● Work item
Give back exactly the stretch of data below from the line holding "Inauguração do asfalto" through the line holding "Since our boys", both ends included, and leave the remaining lines out.

● Data supplied
■ ■ ■ ■

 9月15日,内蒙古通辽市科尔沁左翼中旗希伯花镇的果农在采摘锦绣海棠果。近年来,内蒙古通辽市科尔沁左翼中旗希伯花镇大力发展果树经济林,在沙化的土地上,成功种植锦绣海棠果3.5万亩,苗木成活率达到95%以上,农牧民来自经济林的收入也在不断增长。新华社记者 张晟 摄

■ ■ ■ ■

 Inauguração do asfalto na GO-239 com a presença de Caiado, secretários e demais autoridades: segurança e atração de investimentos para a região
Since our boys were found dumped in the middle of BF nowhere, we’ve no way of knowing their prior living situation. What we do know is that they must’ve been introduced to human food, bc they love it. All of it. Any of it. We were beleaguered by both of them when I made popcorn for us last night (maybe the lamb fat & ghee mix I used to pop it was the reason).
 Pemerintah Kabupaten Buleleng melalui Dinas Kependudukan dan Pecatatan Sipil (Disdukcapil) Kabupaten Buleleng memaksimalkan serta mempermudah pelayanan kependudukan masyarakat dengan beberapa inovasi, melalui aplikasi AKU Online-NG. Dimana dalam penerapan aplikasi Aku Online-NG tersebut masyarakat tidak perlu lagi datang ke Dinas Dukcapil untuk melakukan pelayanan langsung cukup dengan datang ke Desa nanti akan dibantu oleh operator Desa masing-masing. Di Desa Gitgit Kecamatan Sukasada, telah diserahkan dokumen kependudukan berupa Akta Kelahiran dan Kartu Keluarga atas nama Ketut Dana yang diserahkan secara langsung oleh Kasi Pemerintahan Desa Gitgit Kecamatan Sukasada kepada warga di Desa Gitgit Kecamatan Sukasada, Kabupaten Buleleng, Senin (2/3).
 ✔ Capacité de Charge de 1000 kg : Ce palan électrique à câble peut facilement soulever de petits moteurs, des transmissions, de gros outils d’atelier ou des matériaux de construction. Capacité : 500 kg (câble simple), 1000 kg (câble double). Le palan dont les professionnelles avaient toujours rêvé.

■ ■ ■ ■

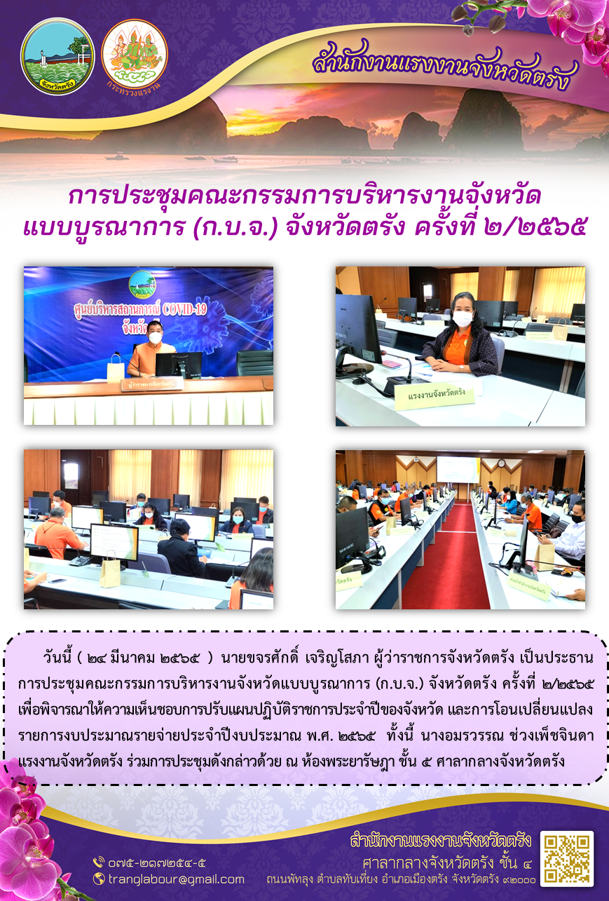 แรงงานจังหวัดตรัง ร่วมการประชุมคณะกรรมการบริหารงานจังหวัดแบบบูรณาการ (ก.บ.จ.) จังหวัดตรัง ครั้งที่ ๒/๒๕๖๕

■ ■ ■ ■

● Solution
 Inauguração do asfalto na GO-239 com a presença de Caiado, secretários e demais autoridades: segurança e atração de investimentos para a região
Since our boys were found dumped in the middle of BF nowhere, we’ve no way of knowing their prior living situation. What we do know is that they must’ve been introduced to human food, bc they love it. All of it. Any of it. We were beleaguered by both of them when I made popcorn for us last night (maybe the lamb fat & ghee mix I used to pop it was the reason).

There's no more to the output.